You ask me what form the new government would take. I answer: if
there was a Bolshevik Party (even a party of 8000, as the Bolsheviks
were in February 1917), you’d be talking about a classical proletarian
revolution in Iran. But there is no such party. Therefore it’s almost
certain that the Iranian revolution will have to pass through a phase
of a bourgeois parliamentary regime of some sort, as happened in Spain
after 1931. But under conditions of economic crisis, that will not be a
recipe for peace any more than it was in 1931 Spain.
The overthrow of the regime has only been postponed till the next
crisis, which may be in six months, twelve months or a couple of years.
But it is inevitable. And it will open up a very stormy period in Iran.
We can’t be precise about the nature of the regime that will emerge.
But I will tell you what it will not be: there cannot be
anther fundamentalist Islamic regime in Iran, not after the last 30
years. That’s finished. And therefore the Iranian revolution, for the
first time, will cut across all this madness of fundamentalism that
exists in the Middle East.
Perspectives and tasks
We are entering into a revolutionary period which will last for some
years, with ups and downs, as occurred in Spain from 1930 to 1937, but
under those conditions the masses will learn very fast. Our ideas are
already getting an important echo inside Iran itself and in the coming
period this is bound to grow.
It’s clear that the students are drawing conclusions. They can see
the limitations of Mousavi and the reformists. The fact that the
Iranian website of the IMT has received hundreds of visits of students
asking about Socialism and Marxism is of extreme significance. I
believe the International Marxist Tendency acted very quickly in
relation to the events in Iran. I can report to you that our articles
were immediately translated in Farsi the very same day; they were
immediately distributed in Iran and according to our reports, have had
an excellent response.
Anyway comrades, I’ve only had time to touch on the most explosive
points in world politics and I don’t have time to develop these points
any further. In conclusion, I would just like to say this: Lenin once
wrote an article with the title “Combustible Material in World
Politics.” Comrades there is combustible material now everywhere, and
the conditions for revolution are maturing.

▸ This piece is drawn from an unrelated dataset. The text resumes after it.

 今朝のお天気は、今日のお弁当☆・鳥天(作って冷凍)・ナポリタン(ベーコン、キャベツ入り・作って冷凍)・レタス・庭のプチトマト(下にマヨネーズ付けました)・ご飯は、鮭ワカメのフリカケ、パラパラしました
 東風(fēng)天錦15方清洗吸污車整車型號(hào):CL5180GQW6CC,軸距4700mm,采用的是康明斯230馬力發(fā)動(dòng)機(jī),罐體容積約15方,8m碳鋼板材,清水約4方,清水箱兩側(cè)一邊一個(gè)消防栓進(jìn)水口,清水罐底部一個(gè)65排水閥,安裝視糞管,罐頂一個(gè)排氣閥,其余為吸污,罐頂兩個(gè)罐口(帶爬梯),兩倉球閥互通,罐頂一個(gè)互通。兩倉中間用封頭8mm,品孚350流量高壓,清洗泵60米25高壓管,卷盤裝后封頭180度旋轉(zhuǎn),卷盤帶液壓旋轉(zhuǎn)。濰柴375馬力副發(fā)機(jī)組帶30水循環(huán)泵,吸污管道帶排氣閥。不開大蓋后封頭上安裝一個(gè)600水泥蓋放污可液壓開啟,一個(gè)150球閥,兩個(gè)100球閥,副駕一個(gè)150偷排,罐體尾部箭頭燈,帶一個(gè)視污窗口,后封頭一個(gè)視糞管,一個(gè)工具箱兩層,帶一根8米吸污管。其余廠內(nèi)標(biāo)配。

Of course, we must not exaggerate: it’s still in the early days. As
Trotsky said, we need to be patient. But two things are clear here: we
can see at least the beginning of a change of consciousness of the
masses. Millions of people are wide open to the ideas of Marxism in a
way that was not the case before. I have been almost 50 years in the
tendency founded by Ted Grant, and I have seen big movements before.
But I have never seen a situation like this and I cannot think of any
parallel to what is now developing.
The second and final point is the role of this International. Our
forces are still very small, we’re struggling to build the first
nucleus of the IMT in many countries, but we are beginning to develop.

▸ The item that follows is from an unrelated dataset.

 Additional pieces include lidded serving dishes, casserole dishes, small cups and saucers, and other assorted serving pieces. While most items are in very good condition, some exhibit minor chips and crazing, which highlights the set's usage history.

And we are now not just observers, but we’re an active part of the
movement in some very important countries. Therefore, we can be
supremely confident of the future, we have the correct ideas, the
marvellously profound ideas of Marxism. We have the correct tactics and
methods, and above all we are determined to link these ideas to the
mass organizations of the working class.
Comrades! We can go forward with absolute confidence in the ideas of
Marxism, absolute confidence in the revolutionary role of the working
class, absolute confidence in ourselves, and absolute confidence in the
victory of the International Marxist Tendency.